[EXERCISE REQUIREMENTS]: An exact transcription is needed of the lines below from the one with "Women's Gothic Skull" through the one with "This specification covers", with no other lines and no pictures.
---------- MATERIALS PROVIDED ----------
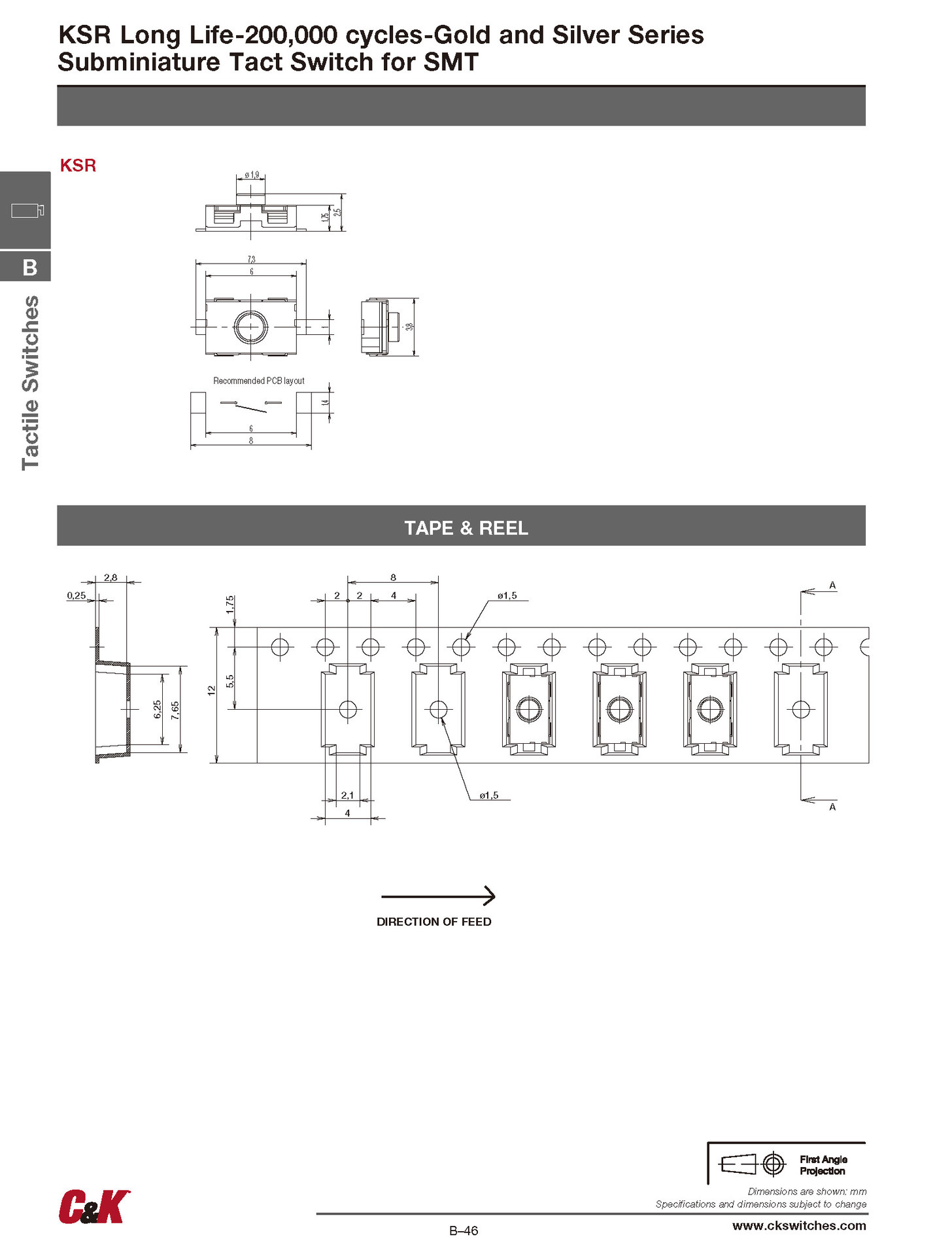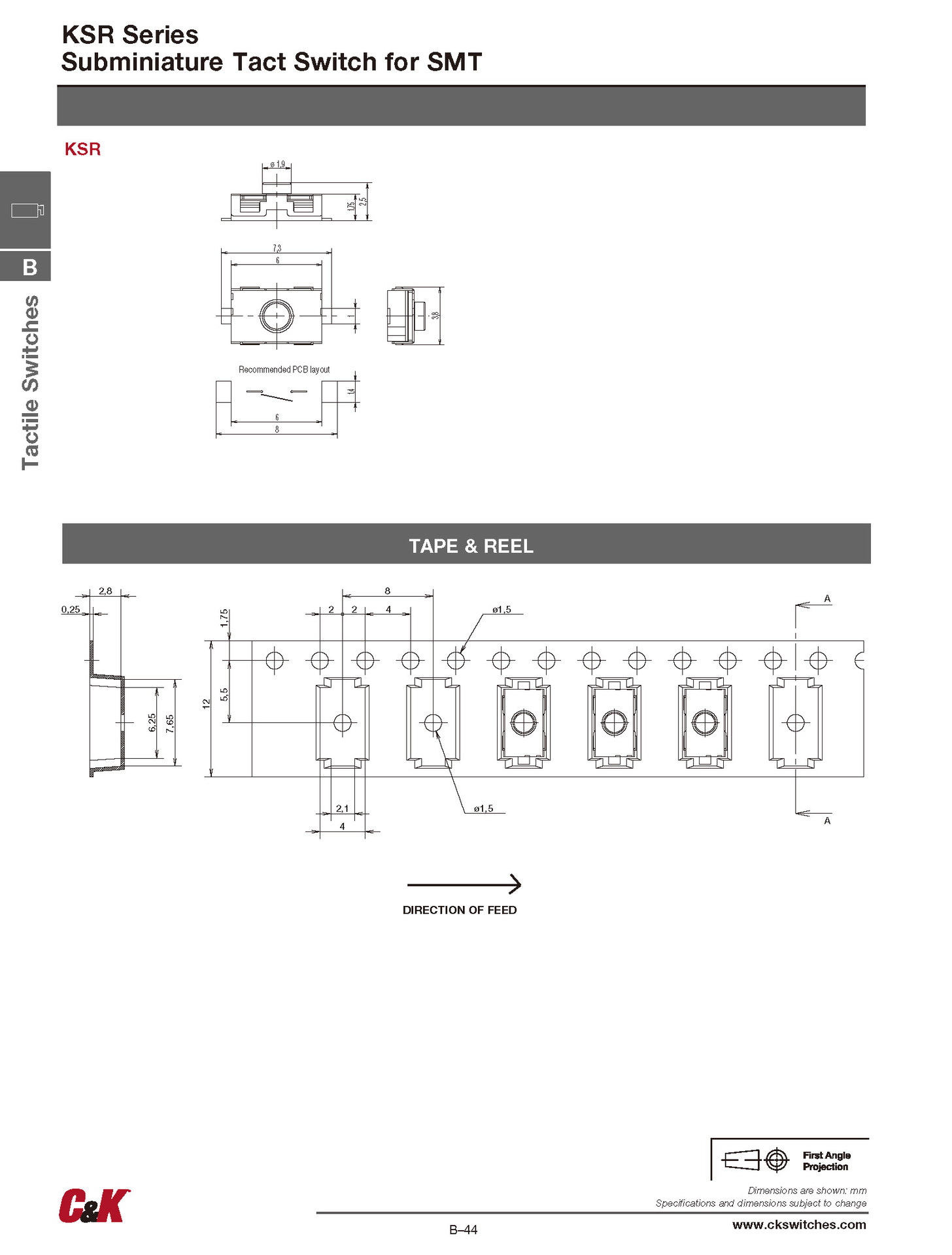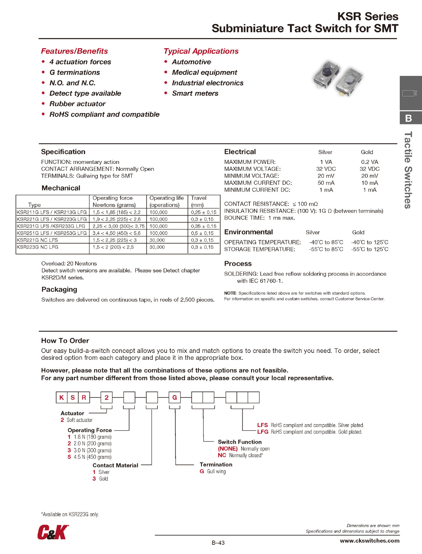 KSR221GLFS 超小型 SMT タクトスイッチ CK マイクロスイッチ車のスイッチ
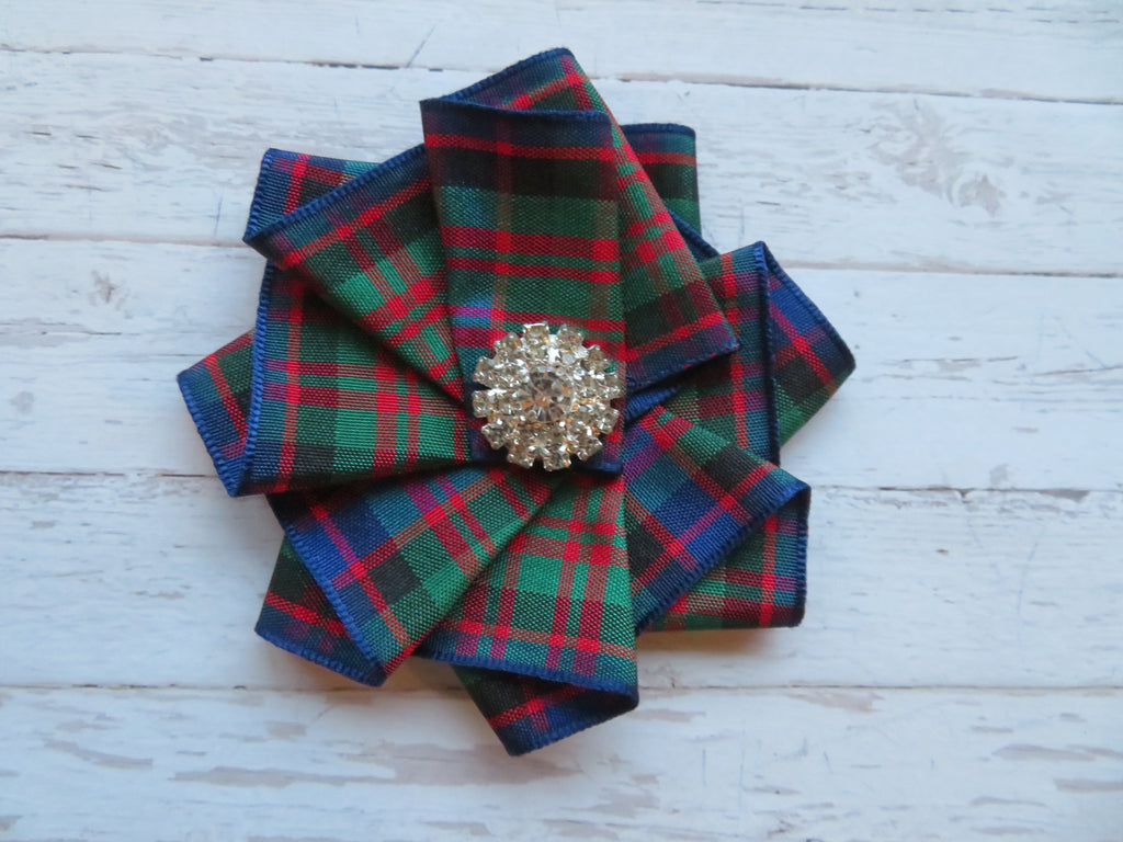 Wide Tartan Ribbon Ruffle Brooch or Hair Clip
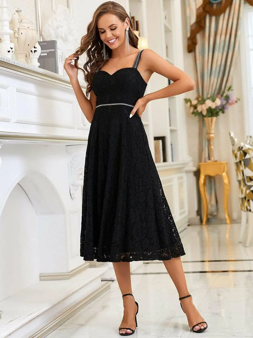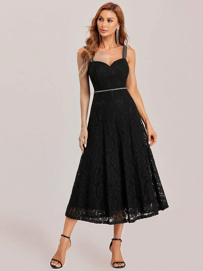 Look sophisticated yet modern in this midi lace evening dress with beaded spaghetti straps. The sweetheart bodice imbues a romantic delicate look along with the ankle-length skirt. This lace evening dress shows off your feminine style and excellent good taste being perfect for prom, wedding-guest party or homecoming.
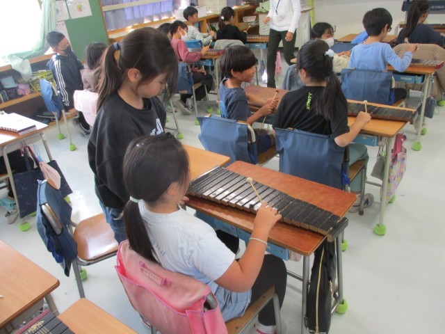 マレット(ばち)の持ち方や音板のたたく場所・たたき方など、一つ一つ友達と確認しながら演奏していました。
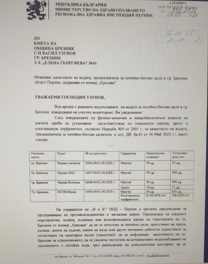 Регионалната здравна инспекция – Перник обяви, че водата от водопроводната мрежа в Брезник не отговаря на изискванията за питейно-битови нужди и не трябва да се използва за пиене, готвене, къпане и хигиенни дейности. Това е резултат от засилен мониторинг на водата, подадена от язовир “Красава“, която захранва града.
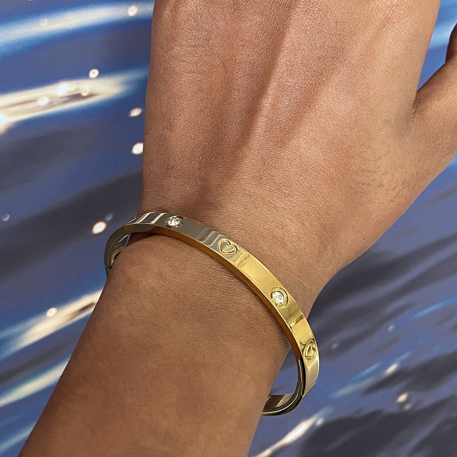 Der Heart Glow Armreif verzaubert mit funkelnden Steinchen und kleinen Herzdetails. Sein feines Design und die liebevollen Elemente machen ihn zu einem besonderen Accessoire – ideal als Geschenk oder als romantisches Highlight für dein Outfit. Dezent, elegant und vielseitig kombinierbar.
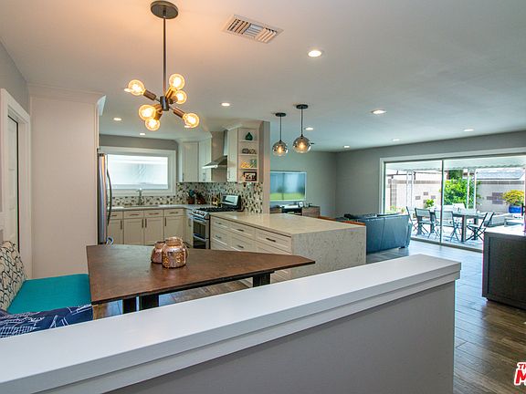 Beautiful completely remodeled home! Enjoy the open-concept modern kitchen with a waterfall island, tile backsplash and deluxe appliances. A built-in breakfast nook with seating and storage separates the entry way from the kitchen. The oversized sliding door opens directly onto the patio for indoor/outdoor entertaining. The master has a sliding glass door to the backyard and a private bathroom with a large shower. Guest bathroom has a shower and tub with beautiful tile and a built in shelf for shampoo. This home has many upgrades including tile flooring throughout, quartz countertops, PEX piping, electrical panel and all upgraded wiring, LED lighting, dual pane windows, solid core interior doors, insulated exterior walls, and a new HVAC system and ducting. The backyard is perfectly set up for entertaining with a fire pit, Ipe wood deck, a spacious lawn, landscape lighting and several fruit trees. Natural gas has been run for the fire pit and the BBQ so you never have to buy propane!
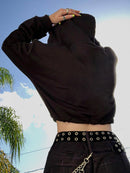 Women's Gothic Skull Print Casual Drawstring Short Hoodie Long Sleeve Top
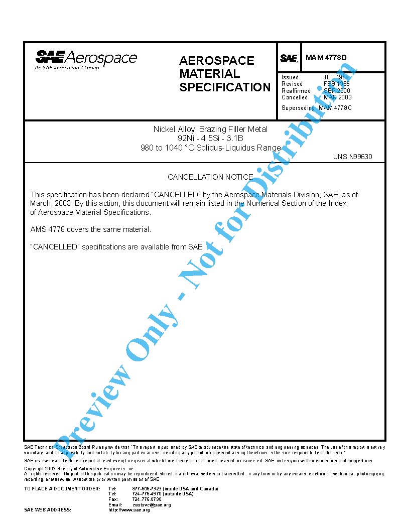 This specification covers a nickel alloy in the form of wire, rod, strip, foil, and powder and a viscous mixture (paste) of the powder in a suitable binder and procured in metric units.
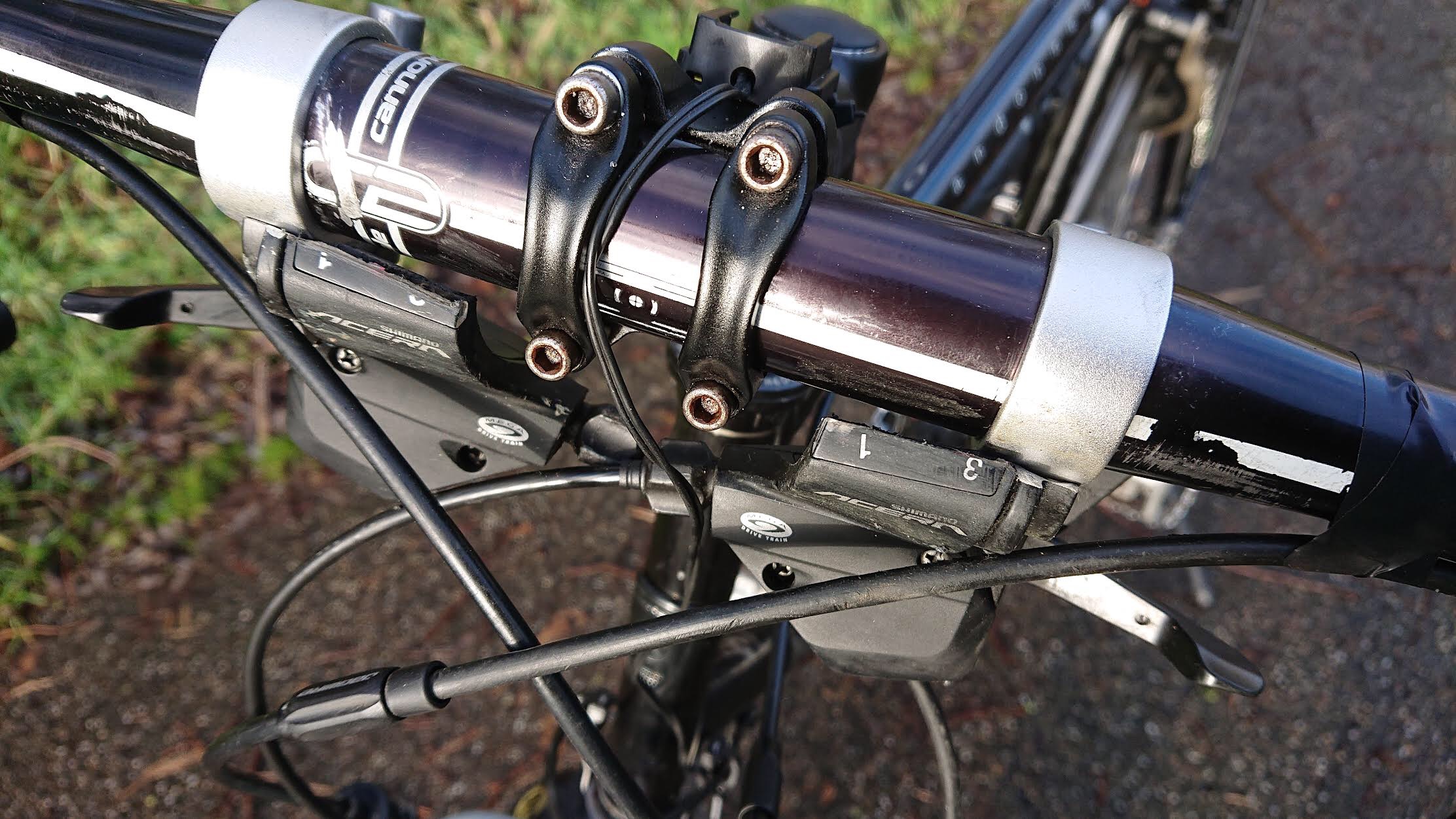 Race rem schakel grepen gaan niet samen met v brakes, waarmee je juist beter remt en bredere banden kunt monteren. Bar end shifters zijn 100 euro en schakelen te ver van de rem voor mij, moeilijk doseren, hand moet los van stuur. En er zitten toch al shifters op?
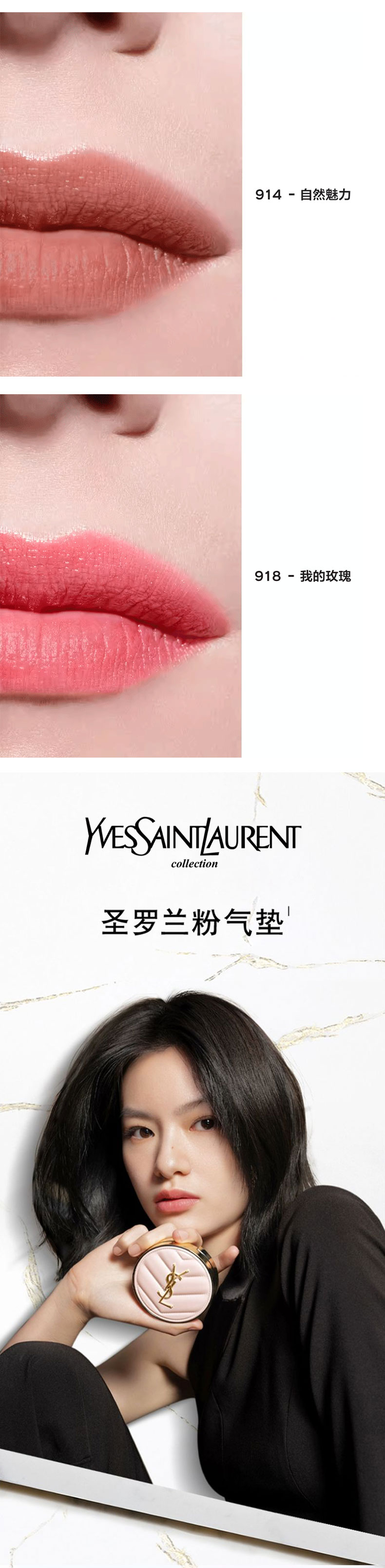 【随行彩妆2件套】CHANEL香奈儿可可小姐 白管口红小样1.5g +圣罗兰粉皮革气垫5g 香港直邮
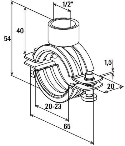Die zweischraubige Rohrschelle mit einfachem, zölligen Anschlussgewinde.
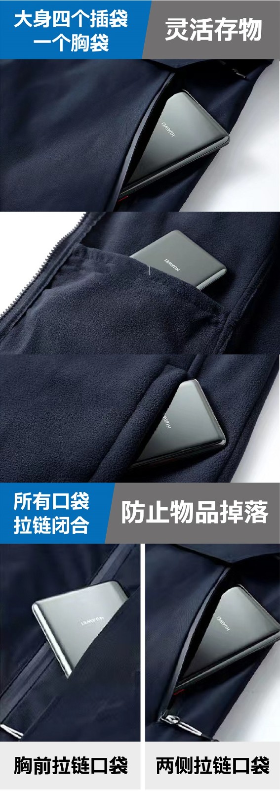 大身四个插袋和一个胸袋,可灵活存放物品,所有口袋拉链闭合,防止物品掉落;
----------
[REPLY TO THE TASK]:
 Women's Gothic Skull Print Casual Drawstring Short Hoodie Long Sleeve Top
 This specification covers a nickel alloy in the form of wire, rod, strip, foil, and powder and a viscous mixture (paste) of the powder in a suitable binder and procured in metric units.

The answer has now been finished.